HP is obviously still working very hard on innovating at the hardware layer. Servers are getting smarter, Moonshot is being continually developed although I feel for now its very niche and HP is trying to find solutions for it that could run elsewhere as easily. “The Machine” is a hardware preview of a completely new way of designing compute, perhaps it will bear fruit one day but its still a long way off and redirecting the world to a new hardware standard isn’t going to be easy. Its Apollo HPC has extreme performance and although impressive, isn’t going to sell in huge numbers but I would think they are not cheap to buy so do add to the revenue stream. I just wonder how HP is going manage to still invest significant amounts of money in hardware R&D when hardware revenue continues to decline. IBM is giving up on the hardware business for this reason, can HP afford to continue?

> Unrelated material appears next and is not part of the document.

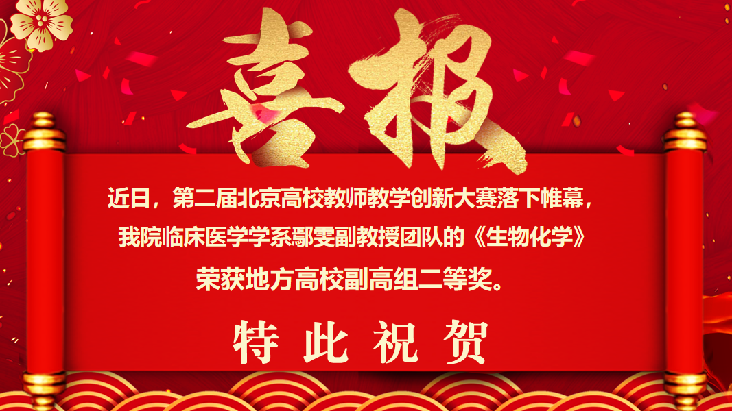 近日,北京市教育委员会举办的“第二届北京高校教师教学创新大赛”落下帷幕,我院临床医学学系鄢雯副教授团队的《生物化学》荣获地方高校副高组二等奖。

Other than hardware, what are its future big bets with innovation, with HPs size and vast software portfolio, does it have the smarts and execution to write something groundbreaking? Can it develop for example the technology that will power, manage, analyse and integrate the IoT? HP has a great history and many clever people, hopefully all that talent can be used for something great.
Cloud wise, as already mentioned, I’m not convinced of its message. Will HP be a force in the future public cloud world or remain a private cloud hardware provider in a market that will rapidly decline in the future. What is its future PaaS and SaaS strategy where the future money will be? Can it ever hope to compete against Amazon, Microsoft and perhaps Google, the currently obvious public cloud winners?
Well, that is the end of HP Discover, a busy few days and a 15 hour travel to get home. Vegas weather is awesome compared to London! It was great to meet so many great people, have to chance for some interesting discussions with other bloggers who work in completely different areas of HP technology which helped expand my views. I also appreciated having excellent discussions with senior HP staff and hope to be able to share plenty more from them in the future.
HP paid for travel and accommodation to attend HP Discover but didn’t pay a penny for me to write anything good or bad about them.